I understood this from the small amount of information on this page: http://cg.skeelogy.com/depth-of-field-using-raytracing/ , in particular the diagrams below. I think I did it a little different than shown, but the concept is pretty simple.
I can explain the general idea of what is happening and how to implement it (I will try to be brief). Light is reflected from any point in all directions (generally speaking), therefore, in fact, no ray passes between the render and your eye, it is a cone of light that leaves visualization and expands to the eye. The lens of your eye / camera will tend to bend these light rays so that the cone stops expanding and begins to contract again. In order for everything to be in focus, the cone should shrink to the point of your retina / frame, but this only works at a certain distance from the lens: the distance indicated by the "focal plane" on the link page (although I think it really should be a sphere focused on the eye, not on the plane).
For some reason, in front of the focal plane, the cone of light will be more curved: it will focus on the point in front of the grid / frame, and then begin to expand again, so by the time it reaches the frame, it is no longer a point, but a circle. Similarly, for points lying beyond the focal plane, the cone will bend less and will not reach the point when it reaches the frame.
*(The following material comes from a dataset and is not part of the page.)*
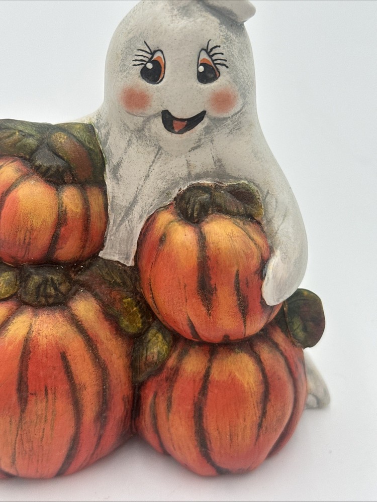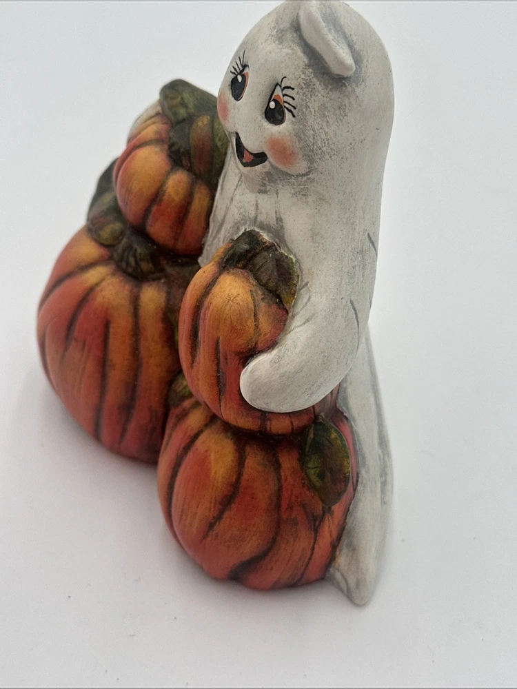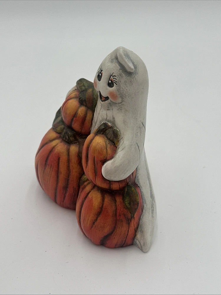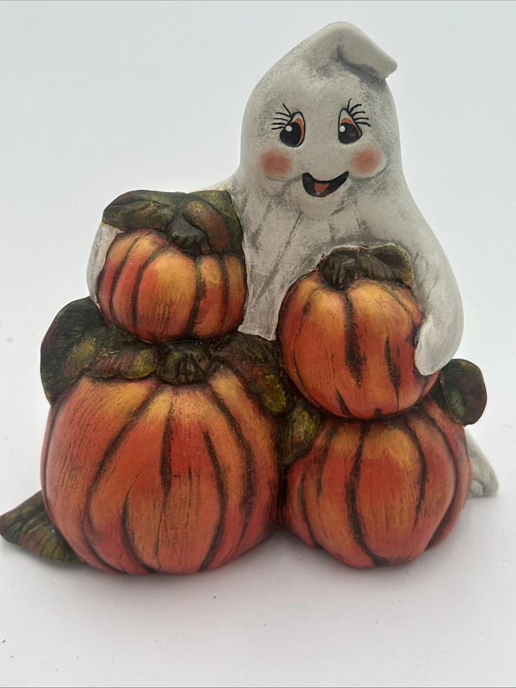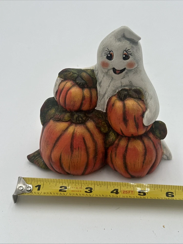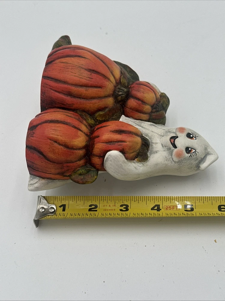 This vintage Halloween ceramic ghost with pumpkins by BB is a charming collectible item perfect for adding a touch of spooky decor to your home during the Halloween season. Made of high-quality ceramic, this unique piece features a ghostly figure holding up a bunch of pumpkins, creating a playful and festive atmosphere. Display it on a shelf or tabletop to bring a touch of whimsy to your Halloween celebrations.

In both cases, the effect is that one point is that the scene ends in blurry pixels.
For implementation, you can put this idea aside for your head: instead of rendering each point in the scene by several pixels, you can display several nearby points by one pixel, which, of course, will happen since the "smeared" light circles from neighboring points will overlap and, therefore , each contribution to the pixel.
So, here is how I implemented it:
First define the aperture: the flat center of the area on your eye and parallel to the grid / frame. The larger the aperture, the greater the DOF effect will be apparent. The diaphragm is usually just circles, in which case it is easy to determine by its radius. Other forms can lead to various lighting effects.
Also define the "focal length". I do not think that this is actually the right term, but it is the distance from the eyes where everything will be in focus.
To display each pixel:
- Start with the fact that a ray, similar to normalizing from the eye, through a pixel enters the scene. Instead of crossing it with objects in the scene, you just want to find a point on the beam for which the distance from the eye is equal to the selected focal length. Call this point the focal point for the pixel.
- Now select a random starting point on the iris. For a circular aperture, this is quite easy, you can choose a random polar angle and a random radius (no more than the radius of the aperture). You want a uniform distribution throughout the diaphragm, do not try to deviate from the center or anything else.
- Extract the beam from the point of your choice to the iris through focus. Note that it doesn’t necessarily go through the same pixel, which is good.
- Change this ray as usual (for example, tracing a path or just finding the nearest intersection point, etc.).
- Repeat steps 2, 3, and 4 several times, using each random starting point on the aperture each time, but always sending it through the focal point. Summarize the displayed color values from all the rays and use this as the value for this pixel (as usual, divide by the coefficient of attenuation if necessary).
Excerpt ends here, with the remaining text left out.